## Perceptron Overview and Training Explanation

The Perceptron is one of the simplest types of artificial neural networks and serves as a fundamental building block for more complex models. It is designed to perform binary classification by learning a linear decision boundary that separates two classes.

### What the Code Does:

1. **Initialization**  
   We start by randomly initializing the perceptron’s weights and bias. Each weight corresponds to an input feature, and the bias acts as an offset that helps the decision boundary shift to better separate the data.

2. **Prediction**  
   For each input instance, the perceptron calculates a weighted sum of the input features plus the bias. This sum is then passed through a simple step function that outputs either 0 or 1, corresponding to two classes.

3. **Training (Learning)**  
   During training, the perceptron iterates over the dataset multiple times (epochs). For each example:
   - It predicts the class using current weights and bias.
   - Computes the error as the difference between the true label and the predicted label.
   - Updates the weights and bias to reduce the error, nudging the decision boundary closer to correctly classify that example.
   
   The weight update is proportional to the error, the learning rate (which controls the size of the adjustment), and the input feature value. The bias update is proportional to the error and learning rate (considering the bias as a weight connected to a fixed input of 1).

4. **Convergence Check**  
   After each epoch, the code checks if there were any misclassifications. If the perceptron correctly classifies all examples (total error is zero), training stops early since the model has converged on a solution.

### Important Points

- **Linearity**: The perceptron can only solve problems where the two classes are linearly separable, meaning a straight line (or hyperplane) can separate the classes perfectly.
  
- **Failing on Non-linear Problems**: For problems like XOR, which cannot be separated by a single line, the perceptron will fail to converge.

- **Learning Rate & Epochs**: The learning rate governs how big each weight update step is, while epochs determine the maximum number of passes over the training data.

This simple yet powerful algorithm forms the basis for understanding neural networks and demonstrates fundamental concepts of training via error correction and weight adjustment.

In [1]:
import numpy as np

In [6]:
import numpy as np

class Perceptron:
    """
    A simple implementation of a single-layer perceptron for binary classification.
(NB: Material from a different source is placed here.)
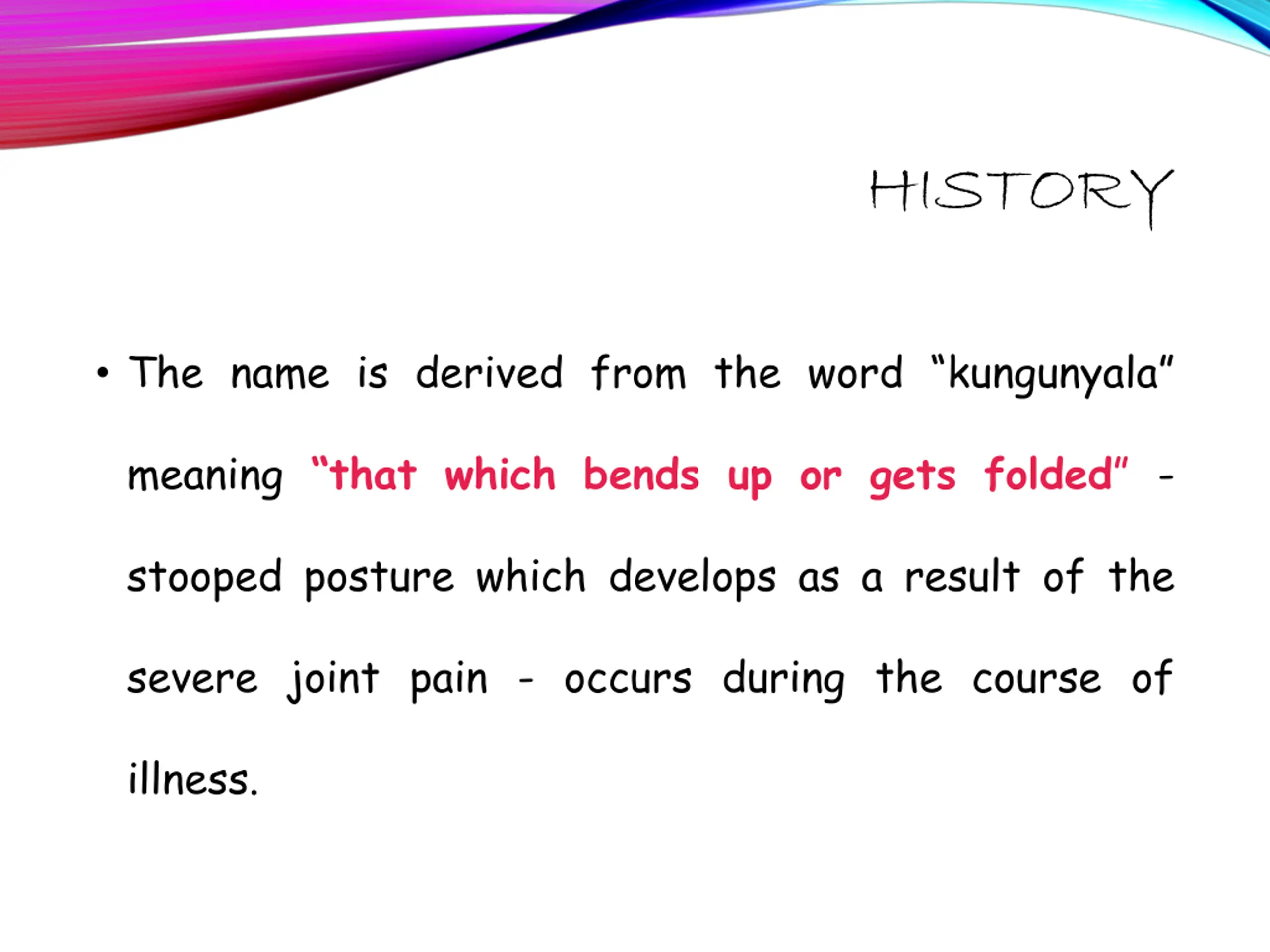 HISTORY The name is derived from the word kungunyala meaning that which bends up or gets folded - stooped posture which develops as a result of the severe joint pain - occurs during the course of illness.

    The perceptron learns a linear decision boundary by iteratively adjusting weights
    and bias based on the training data. It uses a step activation function to output
    either 0 or 1.

    Attributes:
        weights (np.ndarray): The weight vector corresponding to each input feature.
        bias (float): The bias term added to the weighted sum.
        learning_rate (float): Step size for weight updates.
        epochs (int): Maximum number of iterations over the training dataset.
    """

    def __init__(self, num_inputs, learning_rate=0.1, epochs=100):
        """
        Initialize the perceptron with random weights and bias.

        Args:
            num_inputs (int): Number of input features.
            learning_rate (float): Learning rate for the weight updates.
            epochs (int): Maximum number of training iterations.
        """
        self.weights = np.random.rand(num_inputs)  # Initialize weights randomly
        self.bias = np.random.rand(1)              # Initialize bias randomly
        self.learning_rate = learning_rate
        self.epochs = epochs

    def _step_function(self, x):
        """
        Step activation function that maps input to binary output.

        Args:
            x (float): The input value, typically the weighted sum of inputs plus bias.

        Returns:
            int: 1 if x is greater than or equal to 0, else 0.
        """
        return 1 if x >= 0 else 0

    def predict(self, inputs):
        """
        Predict the binary class label for given input features.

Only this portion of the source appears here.